In Italy today, nearly everyone eats abbacchio. Just 30 to 60 days old and weighing less than 15 pounds, spring lamb had been fed only upon its mother’s milk, so its flesh is tender, buttery and succulent, delicately veiled with a fine layer of fat. The poet Juvenal (AD 60 to ca AD 127) once (facetiously) wrote of baby lamb as “The tenderest of the flock, with more milk than blood, that has not lost its virginity by eating grass.”
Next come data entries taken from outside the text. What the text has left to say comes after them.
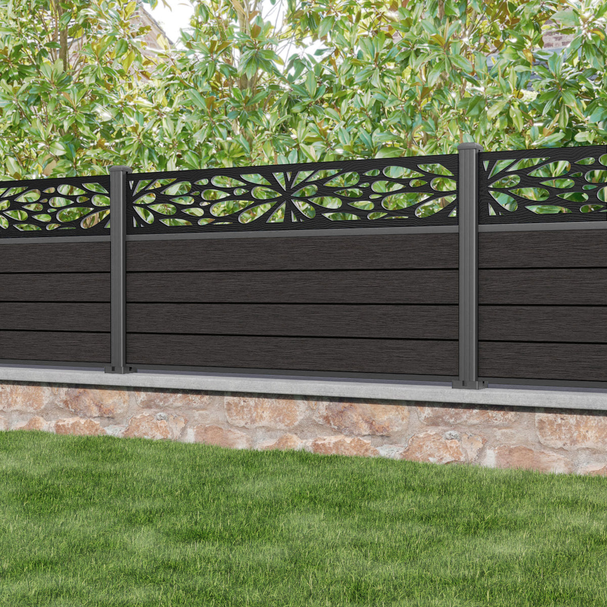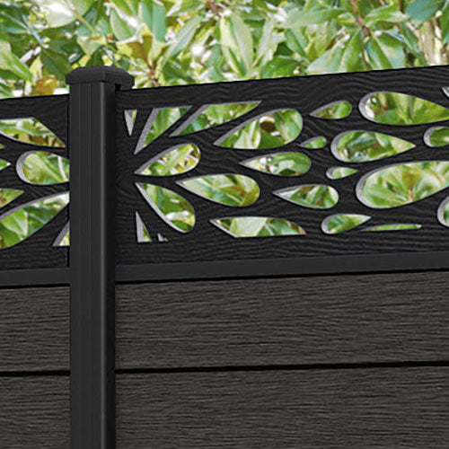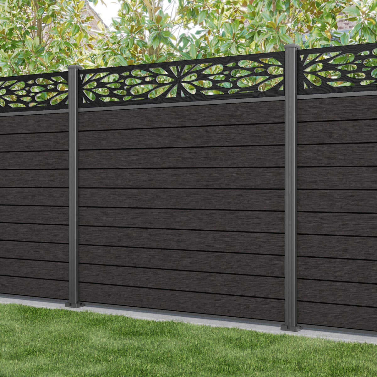 Fusion Blossom Fence Panel Dark Oak - with our aluminium posts
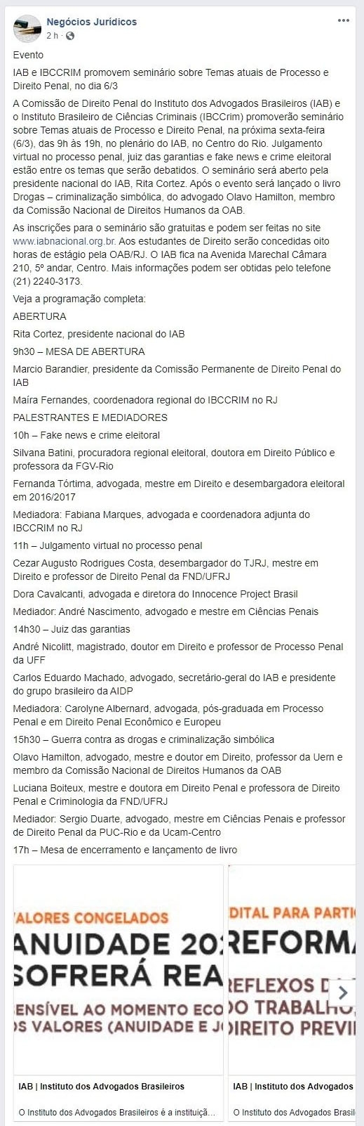 Início » IAB na imprensa » Seminário sobre Temas atuais de Processo e Direito Penal
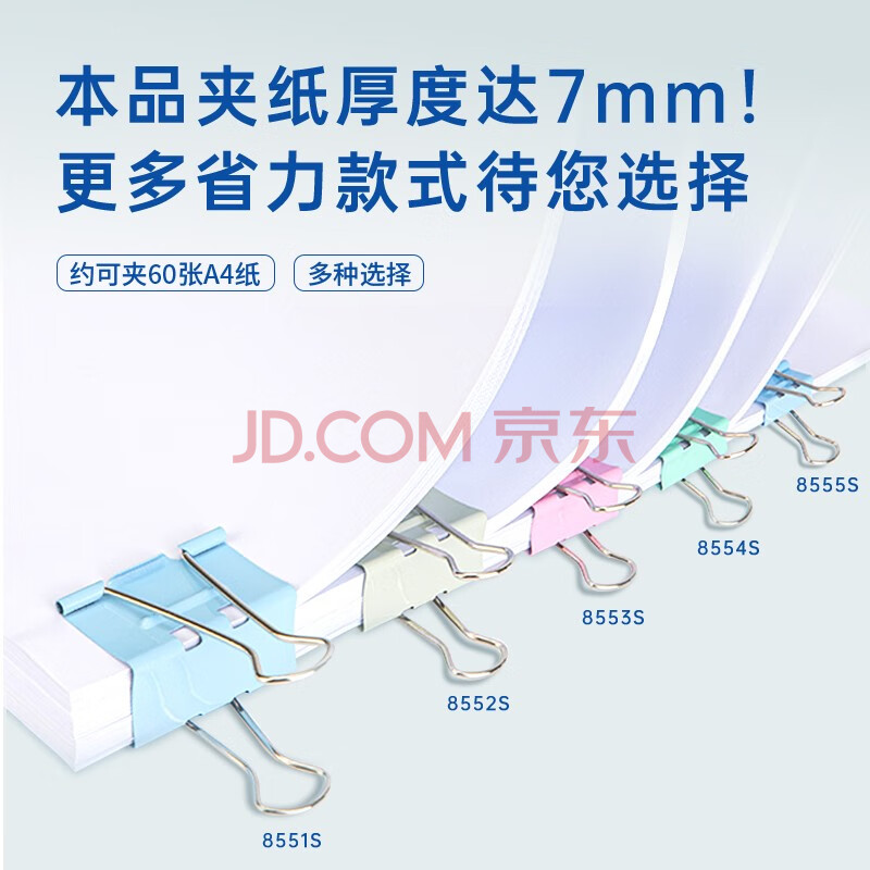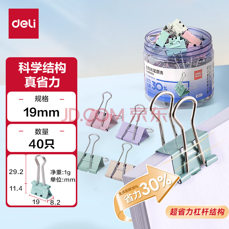 商品相册:得力(deli)40只19mm省力彩色长尾夹票夹 5#金属燕尾夹票据夹子 办公用品 40只/盒 8555S第
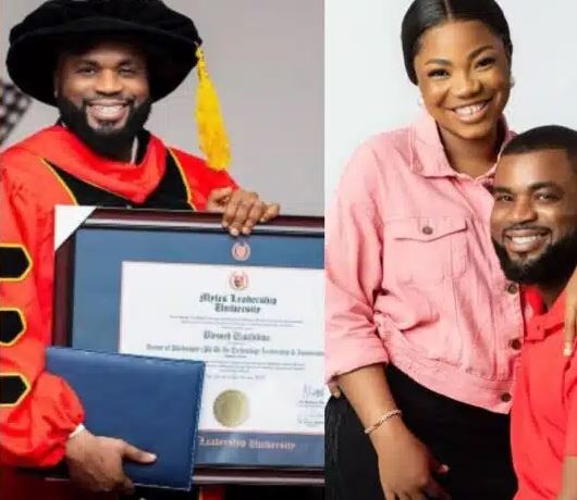 Popular Nigerian gospel singer, Mercy Chinwo is celebrating her husband, Pastor Blessed as he bags an honorary doctorate degree from Myles Leadership University.
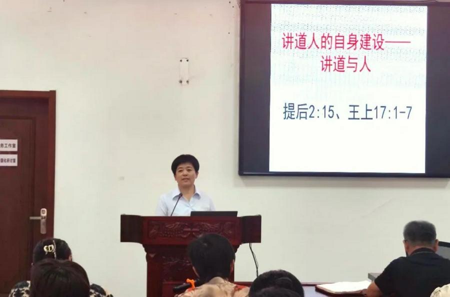 县三自副主任兼秘书长刘春珍教师紧紧围绕“基督教与中国传统文化和风俗礼仪、教会规章制度建设与依法从严治教、基督教与社会服务、民主办教”四个主题讲解《怎样写讲章》。课堂上讲授7篇讲章范例,手把手教给大家如何把基督教中国化融入到准备讲章、讲经讲道过程中,传讲适应时代进步和社会发展要求的信息,讲出与社会主义核心价值观相契合、相融通的内容,不断加强自身建设,丰富教会文化内涵,提升广大信徒的灵性生命,以高度的文化自信,热心参与教会服侍。
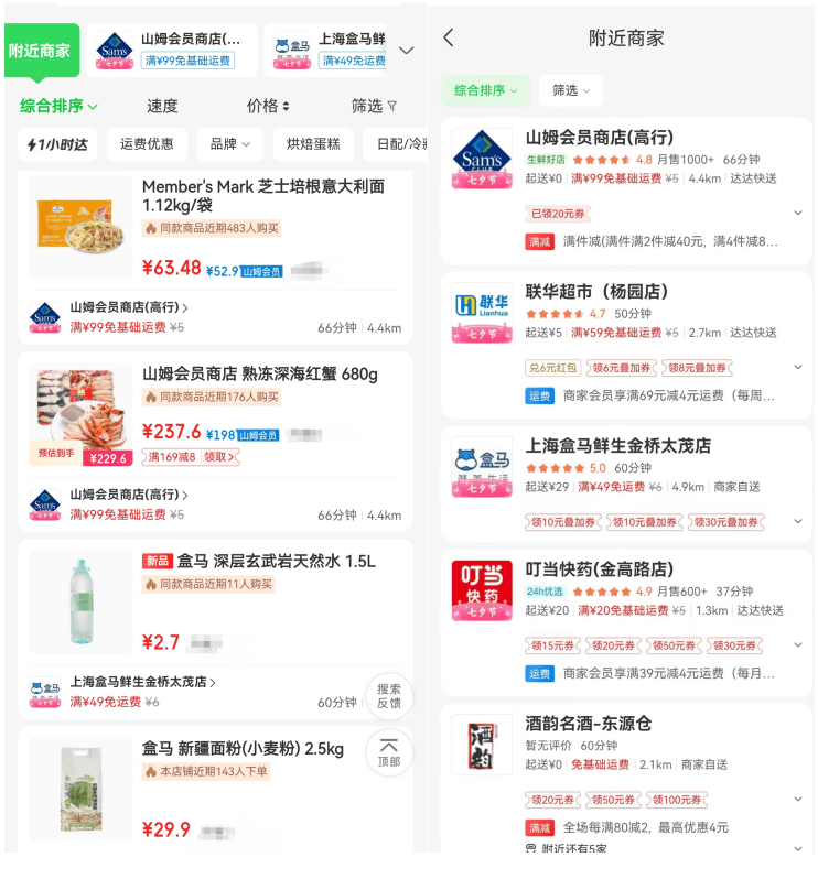 有意思的是,此次价格战的两大主角山姆、盒马,因线下门店均已整体入驻京东到家,在京东到家平台上实现了“同场PK”,更与七鲜、麦德龙、伊藤洋华堂、Ole'等精品超市一起,为消费者呈上了“网红爆品小时达”的精彩戏码。
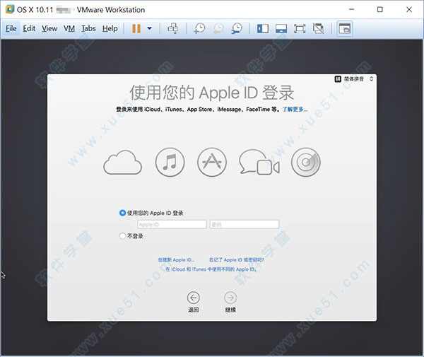 4、虚拟机重启后会进入这个登录界面,选择你的Apple ID对应的邮箱,输入密码,进行登录,点击屏幕左上角的苹果图标,选择“关于本机”——“软件更新”;
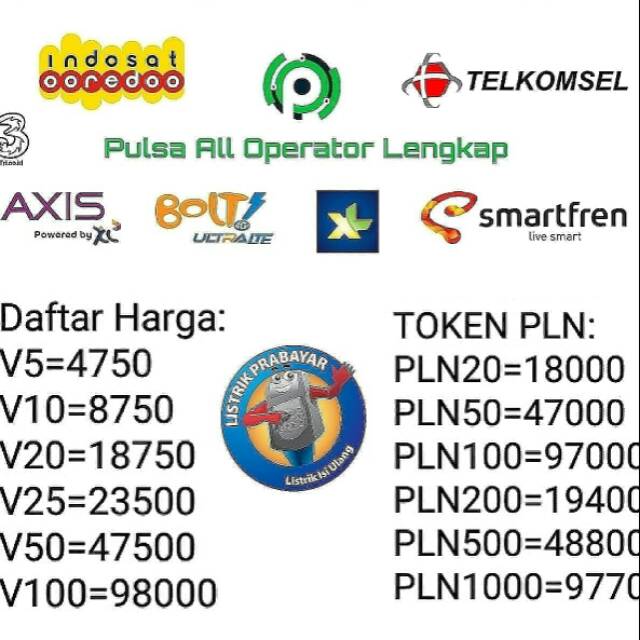 Daftar Harga Pulsa Elektrik All Operator Permata Pulsa | Permata Reload Pulsa
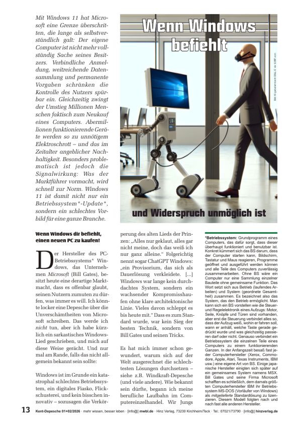 Mit Windows 11 hat Microsoft eine Grenze überschritten, die lange als selbstverständlich galt: Der eigene Computer ist nicht mehr Sache seines Besitzers. Verbindliche Anmeldung, weitreichende Datensammlung und permanente Vorgaben schränken die Kontrolle spürbar ein. Gleichzeitig zwingt der Umstieg Millionen Menschen faktisch zum Neukauf eines Computers. Abermillionen funktionierende Geräte werden so zu Elektroschrott – und das im Zeitalter angeblicher Nachhaltigkeit. Besonders problematisch ist jedoch die
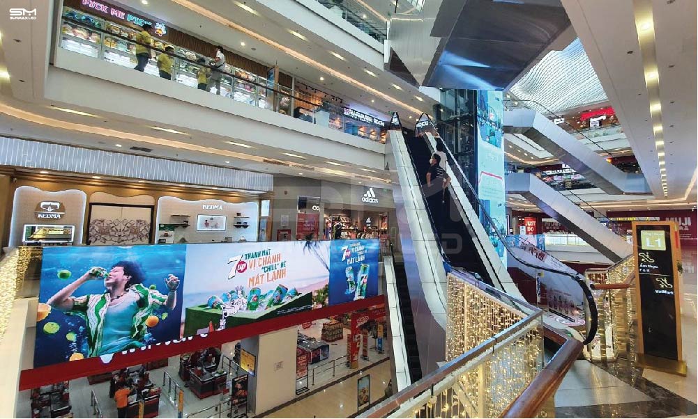 Màn hình LED không chỉ trình chiếu quảng cáo mà còn phát các chương trình giải trí, video âm nhạc hoặc thông báo sự kiện, góp phần tạo nên không gian mua sắm thú vị, hấp dẫn hơn.
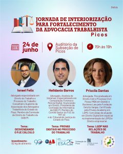 A Ordem dos Advogados do Brasil, Seccional Piauí, por meio da Comissão de Direito do Trabalho em parceria com a Associação dos Advogados Trabalhistas do Estado do Piauí (AATEPI), realizará a Jornada de Interiorização para Fortalecimento da Advocacia Trabalhista em quatro Subseções do estado.

Abbacchio may get its name from the stick used to kill the lambs, for in ancient times, the Roman dialect meant killed, as in “sacrificed”, with a particular compassionate nuance when used to refer to nursing lambs, tender symbols of innocence. In the early days of the 12th century, shepards used to bring their flocks into Rome so people could select their tiny victims. Nowadays, the expression sentirsi abbacchiato, means literally to feel downbeat or demoralized,

Abbacchi are often sold whole, though one can also buy them cut in half or quartered (if you do buy abbacchio in pieces, remember that the animal should be small; if it's too large it's no longer abbacchio). Every ounce of the animal is consumed with relish, from legs to ribs, organ meats to intestines and brains. This confirms the lamb did not die in vain.

At Babbo, we serve Abbacchio Cacio e Uovo – Spring Lamb with an egg and cheese sauce. Egg, another symbol of spring (the seeds of life Flowring within in a thin shell), are a perfect accompaniment to the mild and tender meat of abbacchi.